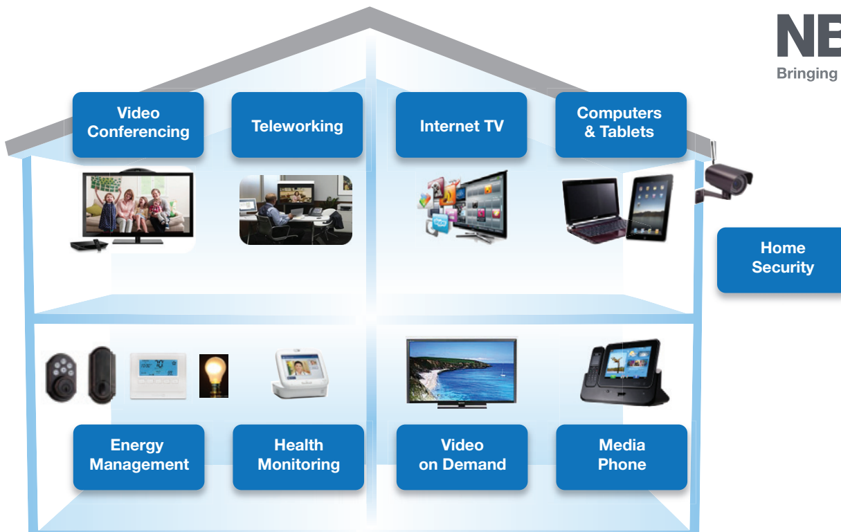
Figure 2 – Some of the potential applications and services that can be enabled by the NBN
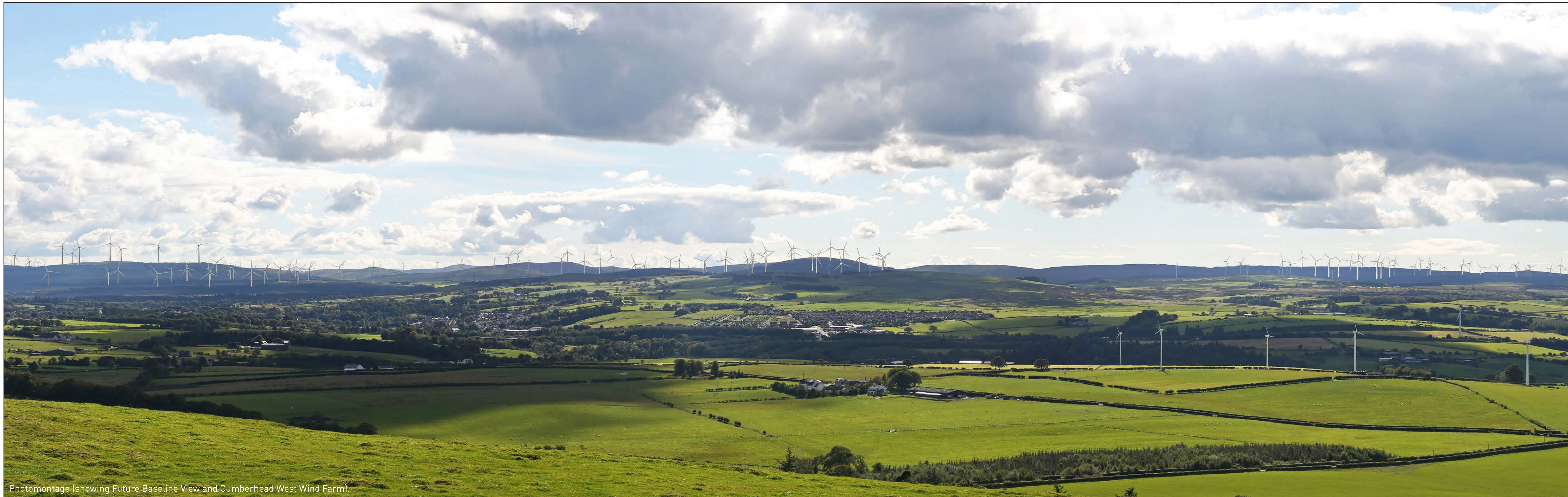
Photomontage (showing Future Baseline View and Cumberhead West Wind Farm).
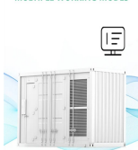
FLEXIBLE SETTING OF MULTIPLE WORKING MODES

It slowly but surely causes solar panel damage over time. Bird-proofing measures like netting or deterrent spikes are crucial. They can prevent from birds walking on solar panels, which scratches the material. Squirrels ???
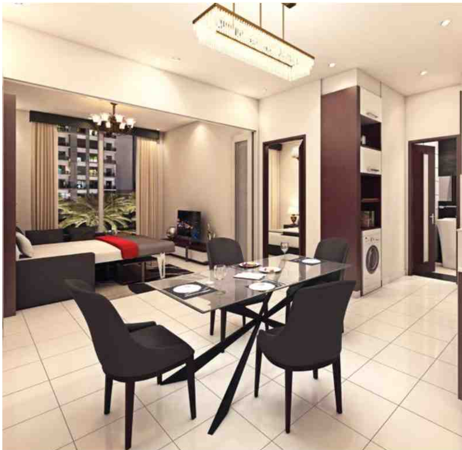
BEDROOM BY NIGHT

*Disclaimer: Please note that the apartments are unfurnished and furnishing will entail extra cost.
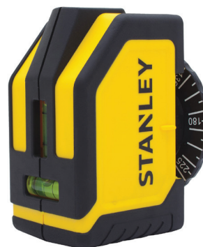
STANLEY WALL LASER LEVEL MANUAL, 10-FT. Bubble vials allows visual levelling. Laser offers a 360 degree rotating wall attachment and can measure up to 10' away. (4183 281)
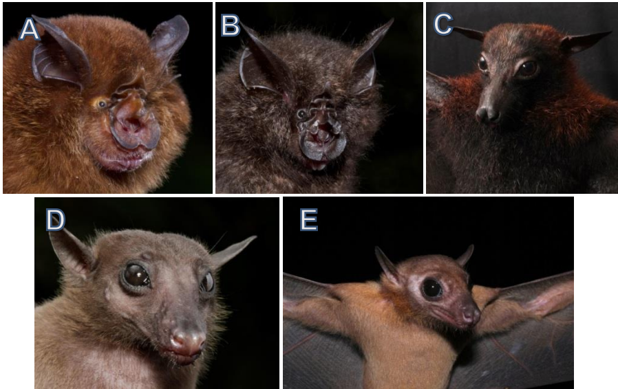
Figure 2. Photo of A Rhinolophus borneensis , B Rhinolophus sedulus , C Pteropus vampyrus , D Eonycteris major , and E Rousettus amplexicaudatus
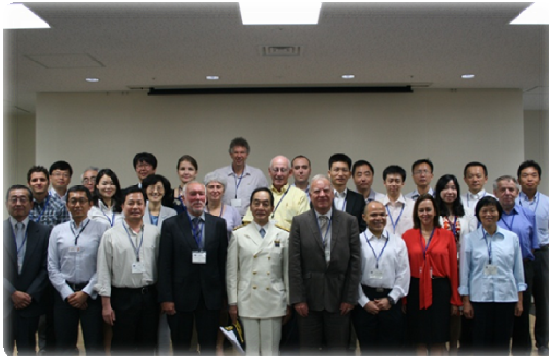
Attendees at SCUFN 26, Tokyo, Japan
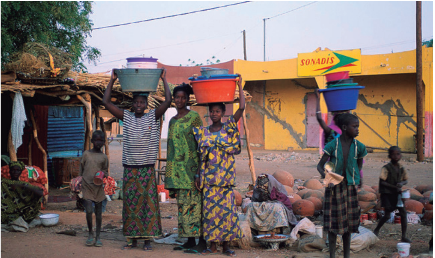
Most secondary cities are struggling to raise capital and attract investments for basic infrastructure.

*-*-*

=== Exercise instructions ===
Across the listing above, count every line containing the string "Figure" and give the result with no comment.

=== Expected answer ===
2